Confidence in Prime Minister Shinzo Abe’s stimulus policies is faltering after foreign investors sold $24.2 billion of Japanese shares this year, leaving them the cheapest relative to bonds in 18 months.
The earnings yield for members of the Topix index, or estimated net income divided by the average share price, rose to 7.97 percent on April 14 as the benchmark slumped 13 percent this year, data compiled by Bloomberg show. That’s a 7.37 percentage point premium over 10-year Japanese government bond yields, the most since October 2012. The equivalent spread in the U.S. was 3.75 percentage points.
Abe has yet to take new pro-growth steps even as the economy faces the sharpest quarterly contraction in three years after a sales-tax increase. Bank of Japan Governor Haruhiko Kuroda refrained from adding to stimulus on April 8, sending the Topix to its biggest weekly slide in 10 months.
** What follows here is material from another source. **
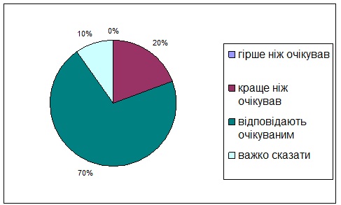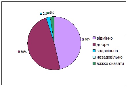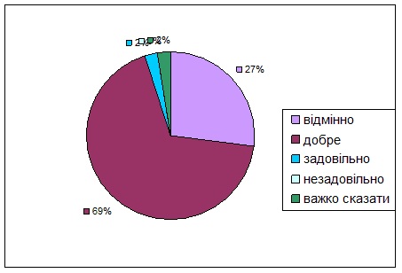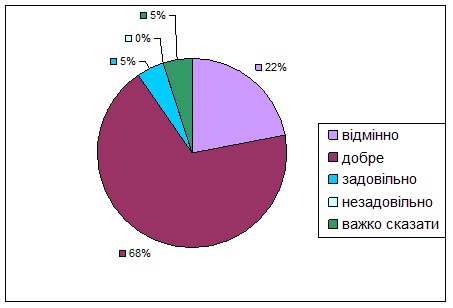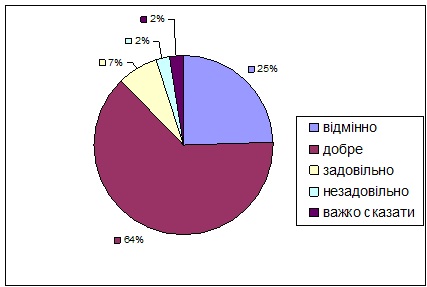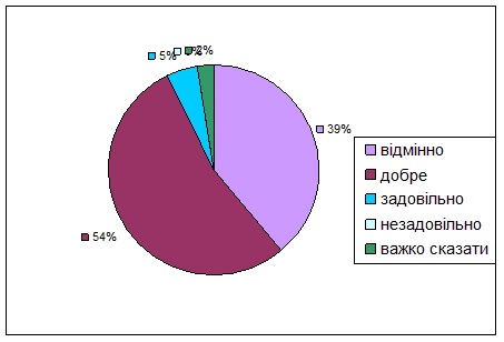 Оцінки розподілилися наступним чином: «відмінно» - 10 осіб (25%), «добре» - 26 осіб (64%); «задовільно» - 2 особи (13%); та 1 особа (7%) вказала оцінку «відмінно».

Japan’s sovereign debt returned 1 percent this year, bringing yields to levels some fund managers say are unattractive.
“The BOJ’s bond buying has driven yields so low that there is limited scope for further declines even if stocks retreat,” said Masaru Hamasaki, a senior strategist at Tokyo-based Sumitomo Mitsui Asset Management Co., which oversees the equivalent of $132 billion. “There are concerns that the sales-tax increase will hurt growth and corporate profits.”